Functions that allocate 4k or more worth of stack must ensure that each page prior to the final page is touched in order. This action ensures no code can "leap over" the guard pages that Windows uses to expand the stack. Typically the touching is done by the __chkstk helper, which has a custom calling convention that passes the total stack allocation divided by 16 in x15.

Red zone

The 16-byte area immediately below the current stack pointer is reserved for use by analysis and dynamic patching scenarios. This area permits carefully generated code to be inserted which stores two registers at [sp, #-16] and temporarily uses them for arbitrary purposes. The Windows kernel guarantees that those 16 bytes aren't overwritten if an exception or interrupt is taken, in both user and kernel mode.

Kernel stack

The default kernel mode stack in Windows is six pages (24k). Pay extra attention to functions with large stack buffers in kernel mode. An ill-timed interrupt could come in with little headroom and create a stack panic bug check.

Stack walking

Code within Windows is compiled with frame pointers enabled (/Oy-) to enable fast stack walking. Generally, x29 (fp) points to the next link in the chain, which is an {fp, lr} pair, indicating the pointer to the previous frame on the stack and the return address. Third-party code is encouraged to enable frame pointers as well, to allow for improved profiling and tracing.

Exception unwinding

Unwinding during exception handling is assisted through the use of unwind codes. The unwind codes are a sequence of bytes stored in the .xdata section of the executable. They describe the operation of the prologue and epilogue in an abstract manner, such that the effects of a function's prologue can be undone in preparation for backing up to the caller's stack frame. For more information on the unwind codes, see ARM64 exception handling.

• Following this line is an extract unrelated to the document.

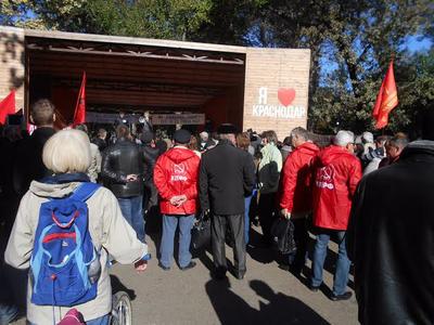 Краснодарское отделение КПРФ активно поддержало рабочих предприятия. Активисты Компартии присоединились к митингующим. Акция сопровождалась использованием коммунистической символики: над собравшимися развевались красные знамена, на сцене был растянут транспарант с лозунгом "Пролетарии всех стран, соединяйтесь"!

The ARM EABI also specifies an exception unwinding model that uses unwind codes. However, the specification as presented is insufficient for unwinding in Windows, which must handle cases where the PC is in the middle of a function prologue or epilogue.

Code that is dynamically generated should be described with dynamic function tables via RtlAddFunctionTable and associated functions, so that the generated code can participate in exception handling.

Cycle counter

All ARMv8 CPUs are required to support a cycle counter register, a 64-bit register that Windows configures to be readable at any exception level, including user mode. It can be accessed via the special PMCCNTR_EL0 register, using the MSR opcode in assembly code, or the _ReadStatusReg intrinsic in C/C++ code.

The cycle counter here is a true cycle counter, not a wall clock. The counting frequency will vary with the processor frequency. If you feel you must know the frequency of the cycle counter, you shouldn't be using the cycle counter. Instead, you want to measure wall clock time, for which you should use QueryPerformanceCounter.